His eyes glinted and he bared his teeth in a grin that sent a delicious shiver through me. "Perhaps next time. Tonight--" He waved at the party below. "Tonight is for genteel, civilized solutions. Tonight, you are the sixteen-year-old debutante and I'm the cad who swiped your watch and is holding it for ransom." He slid around to face me and dangled the watch between us. "So what would I get?"

"A smack upside the head."

He chuckled.

"But, if it's genteel solutions we're looking for..."

I leaned forward and kissed him. His lips parted against mine in a kiss as sweet as any I'd hoped for when I had been sixteen, fending off insistent hands and wet lips, dreaming of something a little more...genteel.

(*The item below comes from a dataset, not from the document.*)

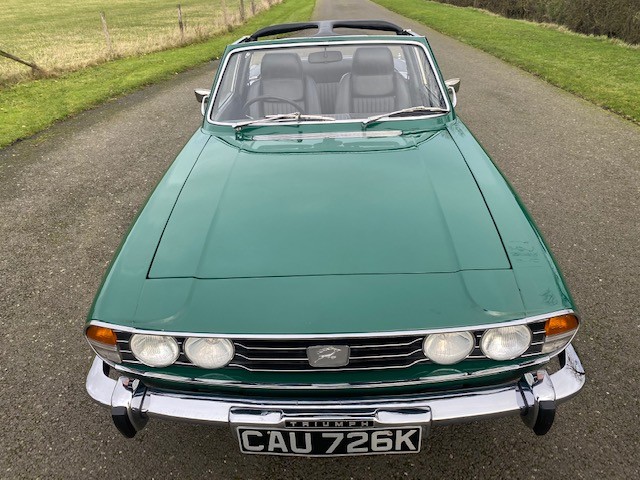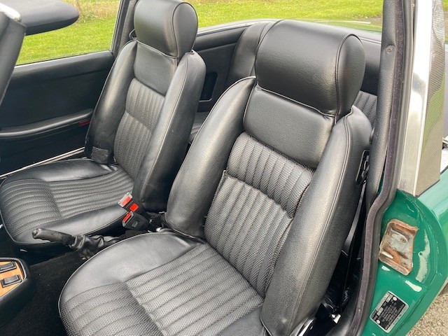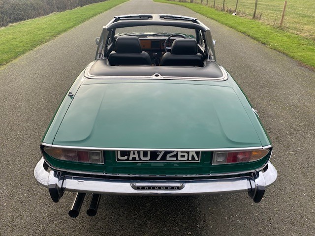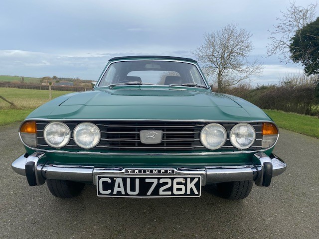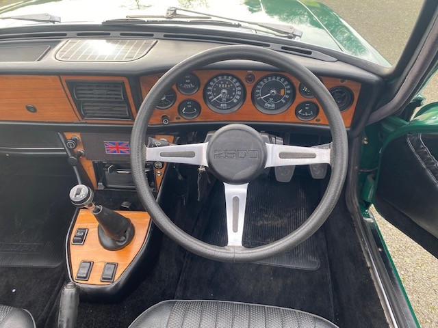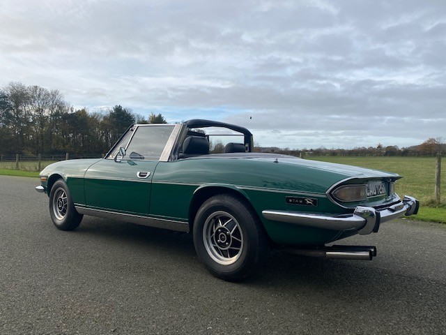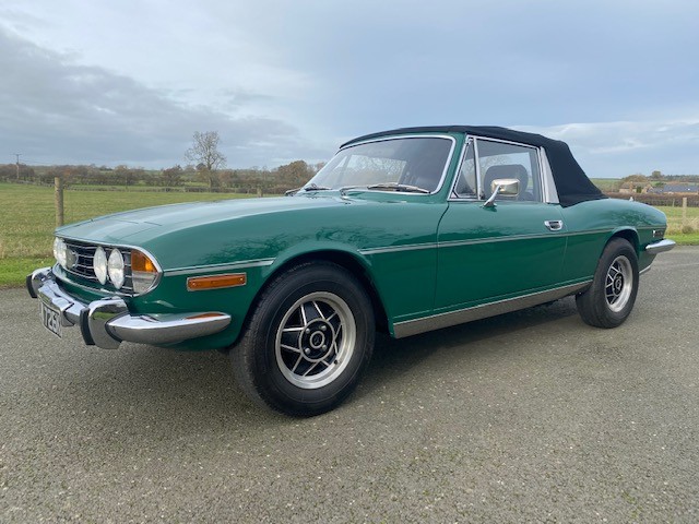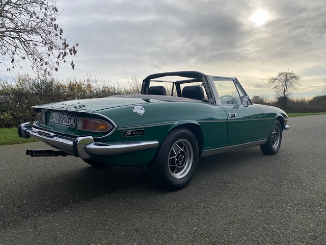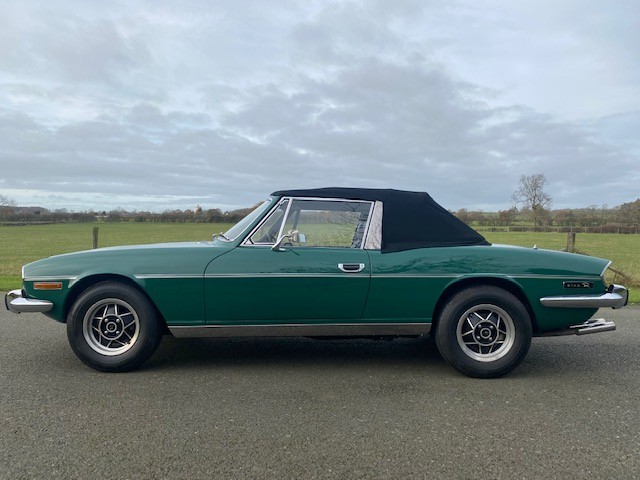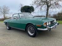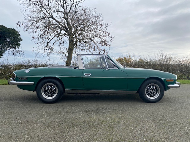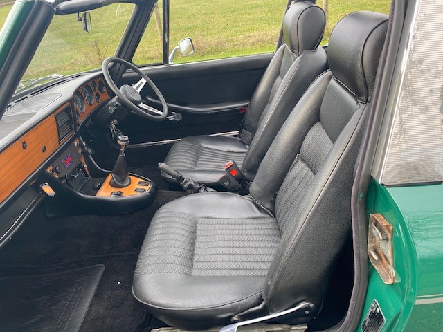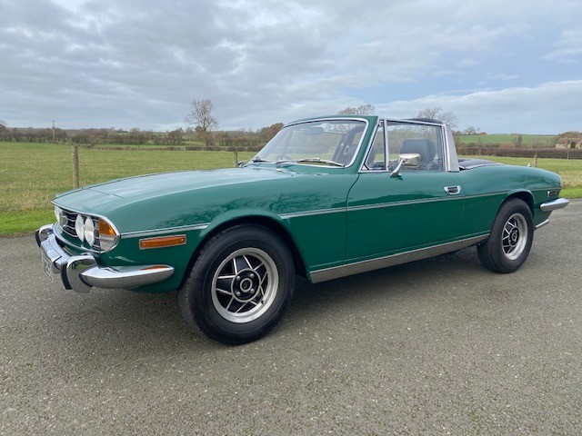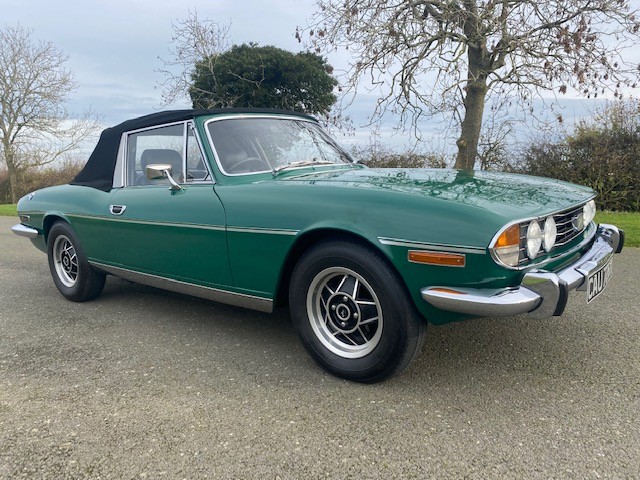 1972 Triumph Stag 3.0 V8 MK II Manual Overdrive. Emerald Green with black upholstery and a new black mohair hood. This Stag comes with it's original Passport to Service and was originally sold to Mr Hudson of Wollaton. Starting on the button and driving fantastically this Triumph Stag has been subject to a Weber Carb conversion meaning as they state on their website 'Idling and fuel economy will be a revelation, and you will be able to use and enjoy your car without worry. No more tweaking, balancing, flooding or sticking air valves to worry about. There should be no concerns about lack of power or torque either.'

We kissed until a noise from the hall made me pull back. I opened the door and peeked out. It was just Max making his rounds of the second floor. An exchange of thumbs-up and he went on his way.

Jaz still sat where I'd left him. "I don't suppose you have any more jewelry I can steal."

I took back my watch. "I do, but you're not going to get it--or find it--that easily."